CHICAGO — Caribou’s off-the-shelf cell therapy appears poised to break free from the rapid relapses that have plagued other off-the-shelf cell therapies, according to a retrospective analysis, but the biotech still has to prove its hypothesis.
In 46 patients with blood cancer who received Caribou Biosciences’ off-the-shelf cell therapy in a Phase 1 trial, 35 responded to treatment. The median duration of response in all patients was five months, according to the latest data, which had a cutoff of April 1.
However, the company pointed to a retrospective analysis based on HLA matching, showing that patients with a partial HLA match appeared to do much better than those without. HLA matching is a process used to determine if certain key proteins, which help the immune system determine what’s foreign or not, match between a donor and the person receiving a stem cell or organ transplant.
In 13 patients with at least four HLA matches, Caribou’s off-the-shelf cell therapy staved off cancer progression for a median of 14.4 months. In the 33 patients with less than four matches, the median progression-free survival was 2.8 months.
Caribou on Sunday shared the data at an investor event ahead of a poster presentation on Monday at the American Society of Clinical Oncology’s annual meeting. Its shares $CRBU were down about 30% on Monday morning.

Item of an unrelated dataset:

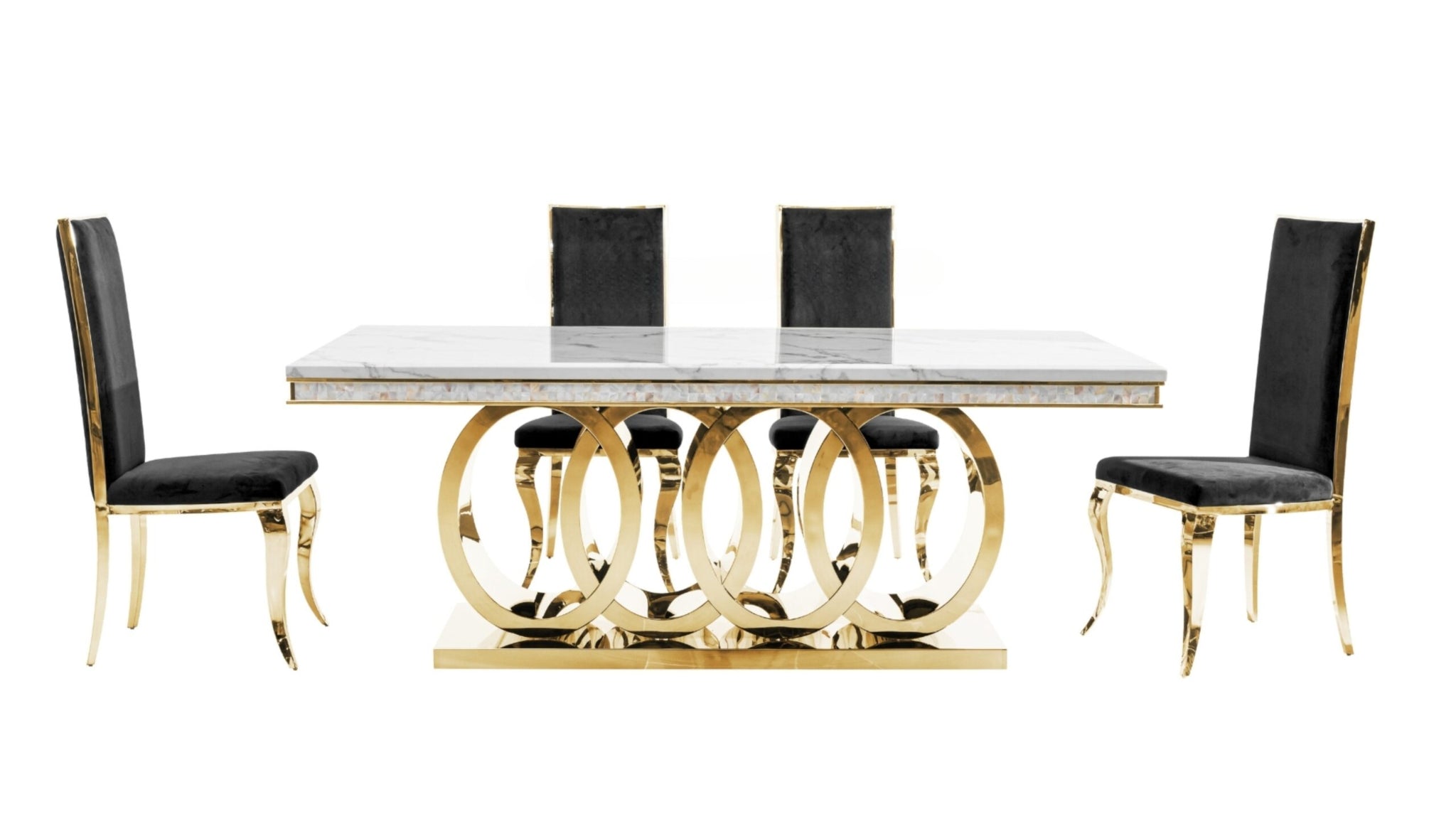 Luxury Ottawa Gold Dining Table Set – White Marble Top & Black Velvet Chairs

The company said 5 patients died from adverse events following treatment, one of which may be related to the therapy. That patient died from complications from a BK virus infection, which is typically harmless to healthy people but can be dangerous to those with weakened immune defenses.
Caribou formally expects to put its HLA matching hypothesis to the test in clinical studies. It plans to enroll an additional 20 patients with large B cell lymphoma in the ongoing Phase 1 trial using the HLA matching strategy.
The company said it will present data from that study next year, with an aim to start a pivotal Phase 3 trial in the second half of 2025. Caribou said it is moving forward with a dose of 80 million CAR-T cells for future studies.
“We plan to have about 13 batches of CB-010 on hand by then, which would, based on our modeling, give us the ability to deliver that four-plus match to probably 90% of patients,” Caribou CEO Rachel Haurwitz told Endpoints News about its pivotal trial plans.
Earlier this year, Caribou announced that the FDA had cleared a study for its off-the-shelf CAR-T therapy in autoimmune disease. The biotech expects to begin that trial in lupus before the end of this year.